Indian actor and model

Danish Pandor (born 22 December 1987) is an Indian actor and model who works in Hindi films and television. He is best known for his breakout role as Pakistani gangster Uzair Baloch in the spy action thriller duology Dhurandhar and Dhurandhar: The Revenge.

==Early life and education==
Born in Mumbai, Maharashtra, India he completed a four-month acting course at the Kishore Namit Kapoor Acting Institute in Mumbai, whilst balancing his college studies. He trained under Withur Chaturvedi, Rupesh Thapliyal, and Samar Jai Singh, focusing on character improvisation and imagination. He holds a master's degree in Business and Finance from the University of Mumbai.

==Career==
===Modeling===
Pandor began his career as a model at the age of 20 in 2007 when he contested in the Gladrags Manhunt contest and placed within the top five. Pandor returned to modeling in 2026, walking the runway for designer Satya Paul at a menswear showcase at London's Lancaster House, which marked the brand's debut international presentation of its menswear line.

===Acting===
Pandor made his television debut in 2010 in the second season of the soap opera Kitani Mohabbat Hai, playing the jealous elder brother of the protagonist. Four years later, he made his film debut as a sexual abuser in the thriller W (2014) which centres on the vengeance led by three women against their rapists. He later appeared in a supporting role in the crime series Agent Raghav – Crime Branch, and had a small stint in the long-running family drama Ishqbaaaz. Between 2018 and 2019, he played Bada Badariya in the Netflix crime series Sacred Games. In the following years, Pandor worked across multiple streaming platforms. He performed as a character actor in the football drama web series Bombers on ZEE5, and thriller Matsya Kaand on MX Player. Pandor had a brief part in the poorly received comedy film Double XL (2022) which explores body positivity. He had a major role in the Amazon Prime docuseries Dancing On The Grave. He portrayed an unfaithful husband in SonyLIV series 36 Days, and played the lead heroine's boyfriend in the Vikram Bhatt produced horror film 1920: Horrors of the Heart (2023).

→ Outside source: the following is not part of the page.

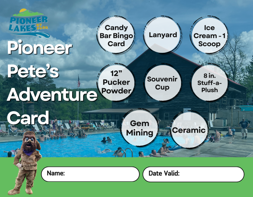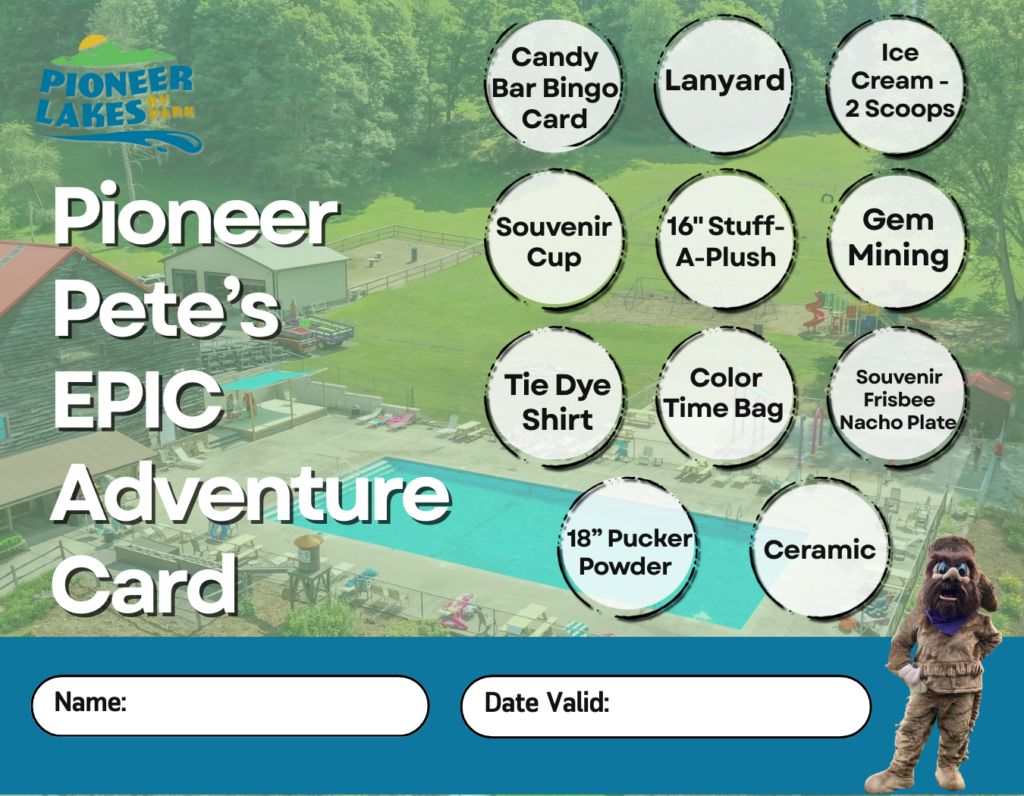 What’s Included?  Enjoy classic camp fun at Pioneer Lakes RV Park! Call BINGO with a free Candy Bar Bingo card, cool off with one scoop of ice cream, and pucker up with a 12” Pucker Powder. Sip your favorite drink from a 32-oz souvenir cup, then create your own cuddly 8” Stuff-A-Plush. Dig for hidden treasures with Gem Mining and craft a keepsake ceramic figurine to remember the fun. Finish it off by grabbing a Pioneer Lakes RV Park lanyard—the perfect way to take the memories home!

The year 2025 marked a turning point in Pandor's career as he appeared in two mainstream Hindi films that achieved major success. He played Ikhlas Khan in the historical action film Chhaava and gangster Uzair Baloch in the spy action-thriller ensemble Dhurandhar. Both outings became one of highest grossing Indian films of all time and Pandor's performance in the latter earned him acclaim. Despite a supporting antagonist role, his screen time was extensive. Four months later, he reprised his role for its sequel, Dhurandhar: The Revenge (2026), which emerged as an even greater commercial success. A graphic scene in the film depicting his character playing football with a severed head made him a subject of memes. In June of the same year, he featured as Afzal, the leader of a radical faction during the Partition of India, in Imtiaz Ali's critically acclaimed film Main Vaapas Aunga.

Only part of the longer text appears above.